Bugün sana biraz sen toplamaya çıktım
Büyükşehir belediyesi olmayan bir yer aradım
Belli ki oksijen sadece bazı beldelerde 
Yaşamsal fonskiyonların hızıyla rekabet 
Saç döken kimyasal reaksiyon
Boğaz serin, mevsim kış, son yüzücü emekli
Hayattan mezuniyet için erken olmalı
Deniz kenarı bir gençlik için fazla takıntı
Balık ekmek yemek için tekneden düşmek zorunlu
Şimdi nasıl da ben çekiyor senin canın
Dik bir yokuş, giriş kat, anahtar sesi
Rahat kanepe, göğüste kış uykusu
Kesintisiz uykunun huzuru
Bir cümle olmayışın takıntısı
Gözyaşının göz pınarına düşüşü

Bugün bana biraz ben toplamaya çıktım
Cümle kuramadım
Gözyaşın gözümdeydi
Okulları açtın
Yaprakları döktün
Yağmuru yağdırdın
Baharı başlattın
Bana ben bulamadım
Artık biraz da benim tanrıçamsın.

EE




Ben Eylül.
İnsanlar beni genelde sevmez. Çünkü okulları açarım, havaları soğutur, üşütürüm. Bu benim doğamda var.
Öte yandan, sana herkesten farklı davranırım.
Herkese sonbahar, sana tek bahar olurum.
Sana özel yağmurum bile var.
Gözlerinin içine yağdırdığım.

EEŞ

08 Ekim 2024

No.9

Her zaman şöyle derim "Bazı sabahlar insan 'Bu gece neden ölmedim?' diye dert ederek uyanır" Bir süredir böyle bir sabahım olmadı. O sıralar biraz gergindim. Çok sevdiğim bir şarkıcı vardı ve yeni albüm çıkarmıştı. Genellikle yaptığı parçalarda dertten kederden kendini parçalarken yeni albümünde bol bol ne kadar aşık olduğundan bahsediyordu. Ben de bu duruma biraz içerlemiştim. Böylesine keskin bir dönüşü ve bu denli aşk içeren şarkıları takdir etmem mümkün değildi. Bir şeyler oldu...

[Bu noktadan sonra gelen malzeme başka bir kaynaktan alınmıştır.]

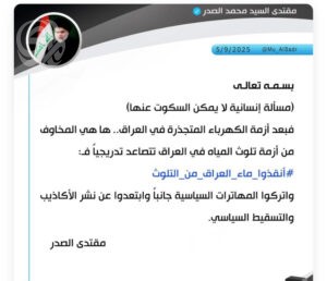 حذر زعيم التيار الوطني الشيعي، السيد مقتدى الصدر، اليوم الجمعة، من تلوث المياه في العراق.
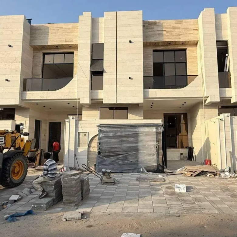 Townhouse for sale in Ajman in a prime location, including registration and ownership fees, at a bargain price (negotiable). It consists of three floors: ground, first, and roof. It features four master bedrooms with built-in wardrobes, a majlis (formal sitting room), a living room, a roof terrace, a main kitchen, and a preparation kitchen. The villa boasts a prime location, excellent finishes, a spacious building area, and freehold ownership for all nationalities.
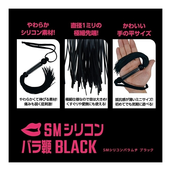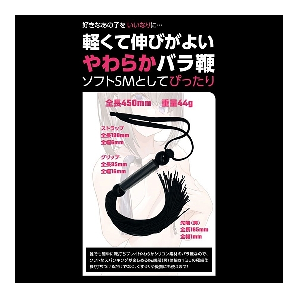 好きなあの子をいいなりに…。SMプレイの代名詞、SM専用バラ鞭「SMシリコンバラ鞭」!ビシッバシッと叩く音が響き渡る、SMプレイでは欠かせない「鞭責め」をお手軽に始められるSMアイテムです。細さ1ミリの柔らかいシリコン素材を束ねた鞭ですので、重さも軽く、初心者の方でも簡単に取り回しできます!柔らかさがクッションとなり痛みになりづらくバラけた鞭先からは大きい音が鳴り鞭責めの興奮を強く煽るはず。シリコン特有のサラリとした肌触りなので不快感もありません。全長260ミリ(ストラップ含まず)とやや小ぶりサイズなので、軽い気持ちで手に取れまず。遊びのつもりでビシバシしていると、いつの間にか鞭責めの魅力に惹かれてしまうかも!●カラー:ブラック |

Çok da uzun olmayan güzel bir yolculuk yaptım. Yolda çok sevdiğim şarkılara bağıra bağıra eşlik ettim. Her zaman yol yapmayı sevmişimdir ama bu kez farklıydı. Gereğinden fazla dijital yollarla tanıştığım, henüz sesini bile duymadığım birinin yanına gitmeye karar vermiştim. Üstelik henüz tanışalı 48 saat bile olmamıştı. Bir şekilde yanına varmayı başarabildim. Hem yol hemen bitsin istedim, hem de hiç bitmesin bu içimdeki heyecanın keyfini sonsuza kadar çıkarayım istedim. Abartılı bir heyecan değildi belki ama dostlarımla rakı masasında otururken mezelerin gelmesini beklemek, kadehleri ilk kez tokuşturmak, "E hadi hoş geldiniz" demek gibiydi.

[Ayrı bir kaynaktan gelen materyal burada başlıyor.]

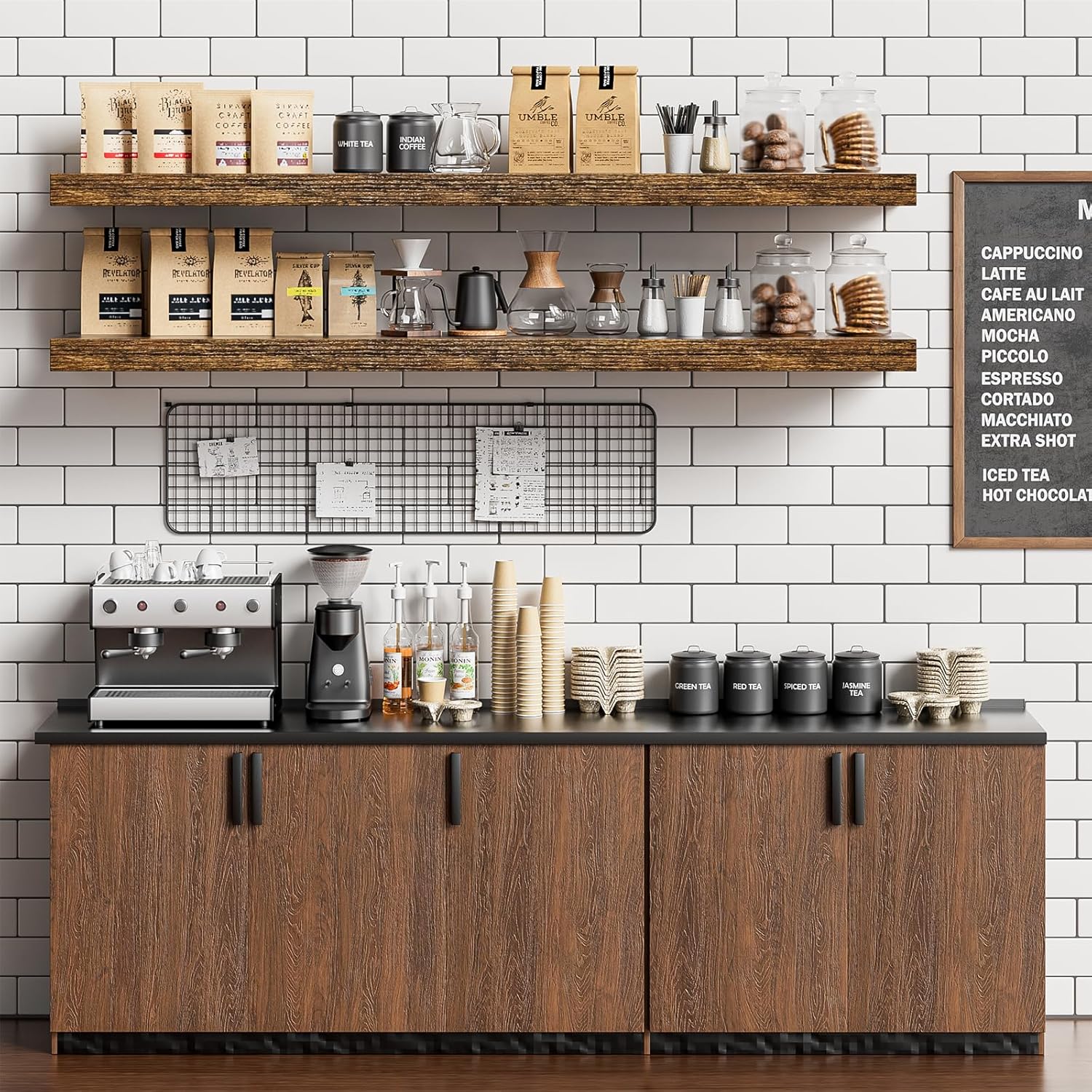 - 【Longer Design】Our pretty wall shelves are 48"W x 9.3"D x 1.5"H.Our brown floating shelves is longer than traditional designs and can hold more items.The rustic brown floating shelves optimize wall space,helping organize essentials without taking up floor space in your home.

Yolculuk bitti ama ben hep yolun taraftarı olarak kalmaya kararlıydım. Yanıma onu da alıp yüzmek için uygun olmayan, ancak seyretmesi hayli keyifli bir denizin sahilini onunla paylaşmak için tekrar yola çıktım. Bütün bir gün, bütün bir sahil, çok farklı dillerde birçok sözcük ve birçok farklı his çok hızlı enjekte edildi damarlarımıza. İki insanın susmadan bu kadar uzun süre konuştuğu bir film izlemedim hiç. Zaten böyle şeyler gerçek hayatta olmaz diye düşündüm.

Artık yolları ve yolculukları paylaşabileceğimize karar verdik...

Bir sabah uyandım. Ne idüğü belirsiz evcil hayvanımın günaydın şarkıları eşliğinde onu rahatsız etmeden yatağın kapıya uzak noktasından kibarca kalkmaya çalışıyordum. Sol elimi boynunun altından çekmeye çalıştıkça baş parmağımı kavrayıp çekiştirerek bırakmamakta ısrar etmesi üzerine ona biraz daha zaman vermeye karar verdim. Bir yandan da içimdeki kıpırtıya bir isim koymaya çalıştım. Çok sevdiğim bir şarkıcı şöyle diyordu "Şimdi bahçemde çocuklar koşar". İçimdeki kıpırtının adını böyle koydum ve elimi yavaşça boynunun altından çektim. Yataktan ayrılıp kapıdan çıkmadan önce ona bir kez daha baktım. Yatağın tam kenarında, huzurlu, derin ve belki biraz daha analiz etmeye uğraşırsam "korkmadan" diyebileceğim bir edayla uyuyordu. (Korkarak uyumanın ne demek olduğunu herkesin bildiğini sanmıyorum) Yalnız uyandığımda ne yapıyorsam onu yaptım. Yüzümü yıkadım, aynada kendimi gördüm, "Evi bir temizlemek gerek" dedim, kahve yaptım, televizyonun karşısına geçip bir sigara yaktım. Bildiğim her şeyi tekrar düşünmeye başladım. Bugüne kadar tecrübe ettiğim, duyduğum, okuduğum her şeyi... İçeride yatağımda yatan kadın, bildiğim her şeyden farklı, bildiğim herkesten başkaydı. Elini tuttuğum her an, yanağını öptüğüm her saniye, göğsünde uyuduğum her dakika başka bir şey öğretiyordu bana. İnsanların ne kadar kötü olduğunu tekrar hatırlattı bana. (Bu toplumcu gerçekçi bir metin değil) Bu kadar iyi biri olmayı nasıl başardığını hiç sormadım ona. Hiçbir şeyin varoluşuna böyle saygı duymadım çünkü. Ait olmayı fakat sahipli gibi olmamayı, birlikte olmanın kendi başına geçer not alabilecek kadar güçlü olduğunu, umutsuzluğun hiçbir şeyi halletmediğini, severken nasıl davranıldığının bir önemi olmadığını, insanların küçük şeylerle biraz olsun neşelenmeyi öğrenmesi gerektiğini ne çabuk öğretti bana. O içeride uyumaya devam ediyordu ve ben televizyon karşısında kim bilir kaçıncı sigaramı yakarken özlemiştim bile yanında uyumayı.

Sonra kapı aralandı, uykulu gözleriyle "Seni yanımda göremeyince korktum" dedi. Gelip kollarını boynuma doladı, sımsıkı sarıldı. "Sana kahve yapayım mı?" dedi.

Çok sevdiğim bir şarkıcının yakın zamanda yazdığı tüm şarkıları sevdim. Çok sevdiğim bir şarkıcıyı anladım.